Terlahir dari keluarga Yahudi di Polandia pada 1923, Peres dan keluarganya melarikan diri dari penindasan di negaranya ke Palestina, yang saat itu berada di bawah pendudukan Inggris pada 1934, saat ia baru berusia 11 tahun. Pada dekade 1940-an, Peres kemudian bergabung dengan perjuangan Zionis pimpinan Ben Gurion, aktivis yang kemudian menjadi perdana menteri pertama Israel.
Sebagai warga Yahudi yang melarikan diri dari penindasan di Eropa, Peres vokal mendukung pembangunan permukiman Yahudi di Tepi Barat pada awal kariernya di dunia politik, hingga ia dijuluki "sang elang."
Namun, pandangan politik Peres perlahan-lahan berubah dan mendukung proses perdamaian dengan Palestina, khususnya melalui kerja sama ekonomi. Julukannya pun berubah menjadi "sang burung merpati," yang melambangkan perdamaian.
ADVERTISEMENT
SCROLL TO CONTINUE WITH CONTENT
 Shimon Perez dan Yasser Arafat menggagas perdamaian Israel dan Palestina. (Reuters) |
Meski tak mau menggelar pertemuan dengan Organisasi Pembebasan Palestina (PLO) pada dekade 1970-an dan 1980-an, sebagaimana banyak tokoh politik Israel saat itu, Peres menghentikan dukungannya kepada para pemukim di Tepi Barat.
Peres kemudian menyerukan solusi perdamaian yang ia sebut "kompromi wilayah" terkait sengketa wilayah antara Palestina-Israel di Tepi Barat dan Jalur Gaza.
Peran Peres yang paling penting dalam upaya perdamaian ini terungkap ketika ia, yang saat itu menjabat sebagai menteri luar negeri Israel, menggelar negosiasi rahasia yang mempertemukan pejabat Palestina dan Israel di Oslo, ibu kota Norwegia, pada musim salju 1993.
Menurut catatan
situs resmi Penghargaan Nobel Perdamaian, pertemuan itu menghasilkan Perjanjian Oslo yang bertujuan untuk merekonsiliasi dua negara tersebut.
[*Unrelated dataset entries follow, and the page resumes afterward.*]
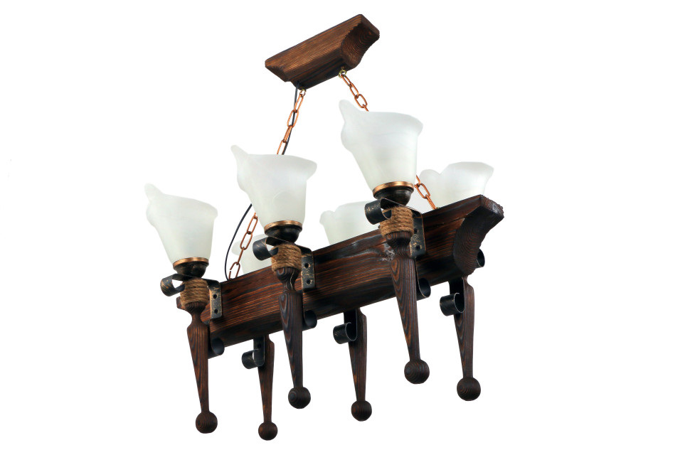 Опис Люстра дерев'яна виробництво Sirius S7141/6 темний випал на 6 плафонів
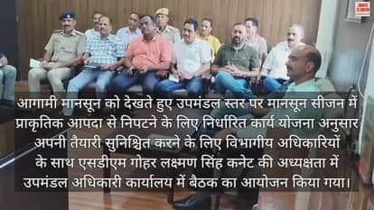 आगामी मानसून को देखते हुए उपमंडल स्तर पर मानसून सीजन में प्राकृतिक आपदा से निपटने के लिए निर्धारित कार्य योजना अनुसार अपनी तैयारी सुनिश्चित करने के लिए विभागीय अधिकारियों के साथ एसडीएम गोहर लक्ष्मण सिंह कनेट की अध्यक्षता में उपमंडल अधिकारी कार्यालय में बैठक का आयोजन किया गया। बैठक की अध्यक्षता करते हुए एसडीएम गोहर ने सभी विभागीय अधिकारियों को निर्देश देते हुए कहा कि मानसून के दौरान किसी भी प्राकृतिक आपदा से निपटने के लिए सभी विभाग अपने-अपने स्तर पर बैकअप प्लान ,मशीनरी व्यवस्था, मानव संसाधन, की प्लानिंग का ब्यौरा बनाकर अधोहस्ताक्षरी कार्यालय में प्रस्तुत करें तथा प्राकृतिक आपदा से निपटने के लिए सभी विभाग अपने-अपने स्तर पर एक नोडल ऑफिसर भी नियुक्त करें, ताकि आपदा के समय रिस्पांस टीम कोई बाधा उत्पन्न ना हो तथा एसडीम कार्यालय के द्वारा बनाए गए सब डिविजनल आपदा प्रबंधन व्हाट्सएप ग्रुप में अपने-अपने फील्ड के सभी अधिकारी व कर्मचारियों को जोड़ें ताकि आपदा के समय में किसी भी प्रकार की सूचना को ग्रुप में शेयर करें ताकि राहत कार्य को कम से कम समय में शुरू किया जा सके। लोक निर्माण विभाग के अधिकारियों मानसून के दौरान अवरुद्ध सड़कों को खोलने व वाहनों की आवाजाही के लिए चिन्हित मार्गो चैलचौक से पंण्डोह मार्ग, चैलचौक से देवीदढ़ मार्ग, चैलचौक से रोहण्डा मार्ग ,चैलचौक से थुनाग मार्ग पर जेसीबी तैनात करें। तथा चिन्हित पुलों व सड़कों की मरम्मत व जल निकासी का निर्माण करें ताकि लोगों को किसी भी प्रकार की परेशानी का सामना न करना पड़े तथा जल शक्ति अधिकारियों को निर्देश देते हुए बरसात के दौरान पानी के सोर्स पर साफ सफाई सुनिश्चित करें ताकि लोगों को स्वच्छ पानी उपलब्ध हों और इलेक्ट्रिसिटी विभाग को निर्देश देते हुए उन्होंने कहा कि उप मंडल स्तर के सभी सबस्टेशन पर बैकअप बिजली के पोल, बिजली के तार की व्यवस्था सुनिश्चित करें ताकि बरसात के दौरान होने बिजली की सप्लाई में होने वाले कट को कम से कम समय में सुधारा जा सके और लोगों को बिजली उपलब्ध करवाई जाए तथा स्वास्थ्य विभाग को निर्देश देते हुए उन्होंने कहा की बरसात के दौरान उभरते वाली प्रमुख बीमारियों के दवाइयां की व्यवस्था तथा एक एंबुलेंस की व्यवस्था उपलब्ध हों खाद्य आपूर्ति विभाग को मानसून को देखते हुए खाद्यान्न गोदाम में दो से तीन महीने का खाद्यान्न स्टॉक जमा करने के निर्देश दिए गए तथा शिक्षा विभाग के अधिकारियों को आपदा के दौरान आश्रय स्थलों की जरूरत पड़ने पर सरदार पटेल यूनिवर्सिटी की शाखा महाविद्यालय बासा की बिल्डिंग तथा महाविद्यालय बासा के गर्ल्स हॉस्टल को चिन्हित किया गया है तथा इसमें सभी व्यवस्थाएं उपलब्ध हों तथा बरसात के दौरान तथ
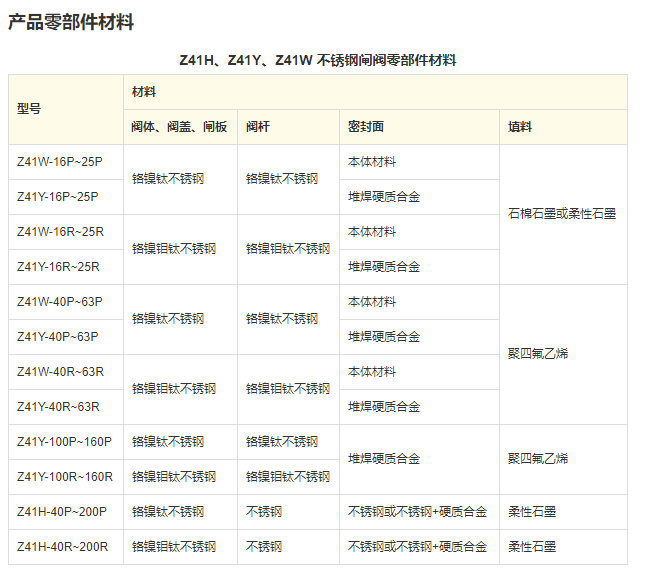 Z41H、Z41Y、Z41W 不鏽鋼(gāng)閘閥:手(shou)動、法蘭(lan)連接形(xing)式、明杆(gan)楔式剛(gang)性單閘(zha)闆,閥座(zuò)密封面(mian)材料為(wei)不鏽鋼(gāng),公稱壓(yā)力 PN16~PN200,閥體(tǐ)材料為(wéi)不鏽鋼(gāng)的閘閥(fá)。

Dalam perjanjian itu, Israel sepakat untuk perlahan keluar dari sejumlah wilayah yang diduduki dan mengakui otoritas Palestina.
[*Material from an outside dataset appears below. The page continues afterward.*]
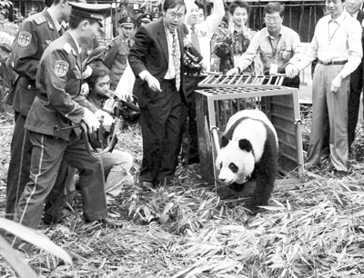 荊楚網(wǎng)消息(楚天都市報)一只野生大熊貓日前闖入四川省都江堰鬧市(本報曾予報道),被當(dāng)?shù)亓謽I(yè)部門營救,并被送往臥龍自然保護(hù)區(qū)療養(yǎng)。8月8日,戴有GPS衛(wèi)星定位儀器的大熊貓被放歸都江堰龍溪虹口國家自然保護(hù)區(qū)。當(dāng)天,它沒說拜拜就踏出鐵籠走入密林,前后不到10秒鐘?蒲腥藛T在今后一年多的時間內(nèi),將對它進(jìn)行定位跟蹤,這有助于科學(xué)家進(jìn)一步了解和掌握大熊貓野外生活習(xí)性和活動規(guī)律。(新華社發(fā))
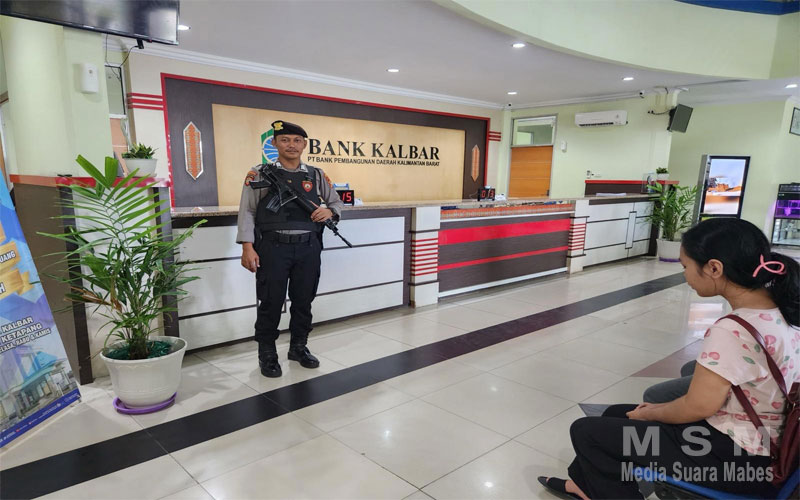 MediaSuaraMabes, Ketapang – Personel Satuan Samapta Polres Ketapang, Brigadir Polisi Rizki, melaksanakan kegiatan pengamanan di objek vital Bank Kalimantan Barat (Kalbar) yang berlokasi di Jalan Brigjen Katamso, Kecamatan Delta Pawan, Kabupaten Ketapang, pada Jumat (04/07).

Akibat perannya ini, Peres diganjar penghargaan Nobel Perdamaian pada 1994, bersama dengan perdana menteri Israel saat itu, Yitzhak Rabin dan pemimpin Palestina, Yasser Arafat.
 Shimon Perez menandatangani perundingan perjanjian damai Israel-Palestina di Oslo, disaksikan oleh Yitzhak Rabin dan Yasser Arafat. (Reuters) |
Menyusul pembunuhan Rabin pada 1995, karier politik Peres terus meroket, dengan menjabat sebagai pelaksana perdana menteri merangkap pelaksana menteri pertahanan selama tujuh bulan hingga pemilu tahun 1996. Ia mencoba menggunakan momentum pemilu untuk mengedepankan upaya perdamaian Israel-Palestina.
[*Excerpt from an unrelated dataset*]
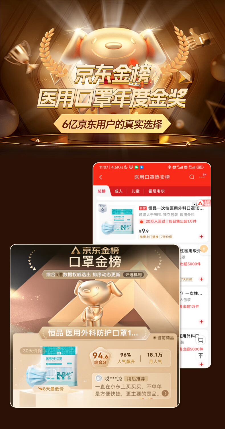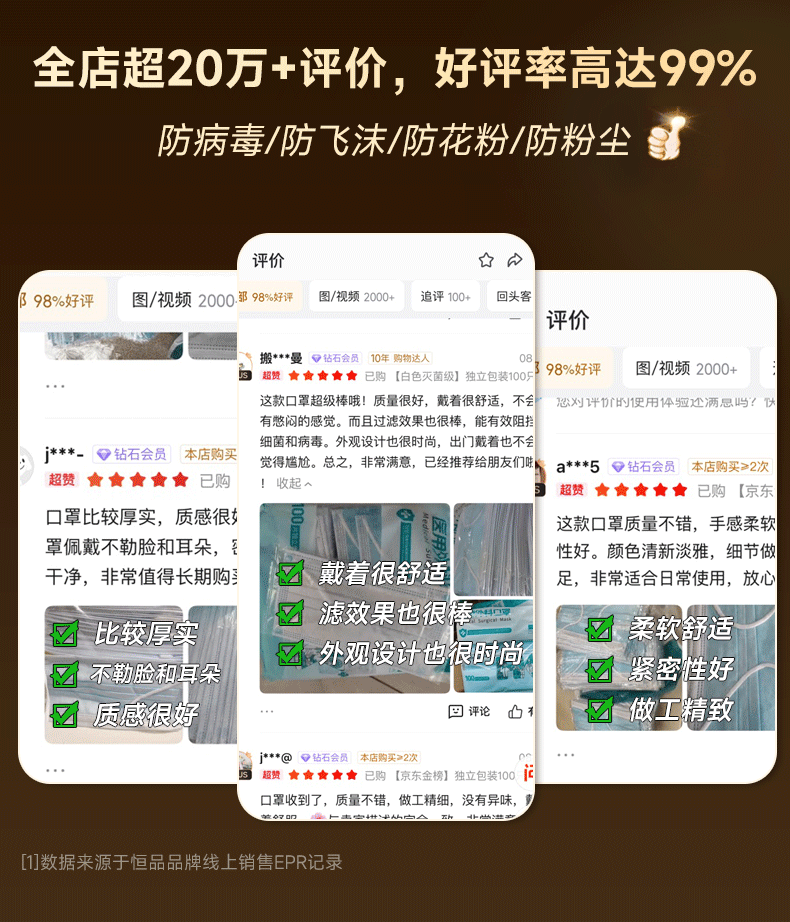 恒品一次性医用外科口罩100只(独立装)防尘亲肤透气防花粉鼻炎保暖

Encyclopedia.com menyebutkan bahwa dukungan publik terhadap proses perdamaian itu kembali mengendur usai serangan bom bunuh diri yang dilakukan seorang warga Palestina, menewaskan 24 warga Israel. Publik kemudian mendukung Benjamin Netanyahu sebagai perdana menteri.
AFP mencatat, Peres tetap aktif di dunia politik, meneruskan jabatan sebagai menteri luar negeri, dan kemudian terpilih sebagai perdana menteri selama dua periode. Ia terpilih menjadi presiden dari 2007-2014. Selama di dunia politik, Peres tetap mengupayakan perdamaian Palestina-Israel, namun upaya Peres seakan tak berarti karena pemerintahan Netanyahu seperti tak berniat melanjutkan proses perdamaian yang telah dirintis sebelumnya.
Selain berperan mendukung perdamaian Israel-Palestina, Peres juga vokal mendorong perkembangan program nuklir. Israel diyakni memiliki senjata nuklir meski tidak pernah secara terbuka mengumumkannya.
Dalam wawancara dengan
CNN pada 1 Juli 2015, Peres mengaku mendukung kesepakatan nuklir dengan Iran, yang berfokus untuk menghentikan program nuklir di Republik Islam itu. Iran selama ini kerap mengancam akan "membumi hanguskan" Israel dengan serangan nuklir.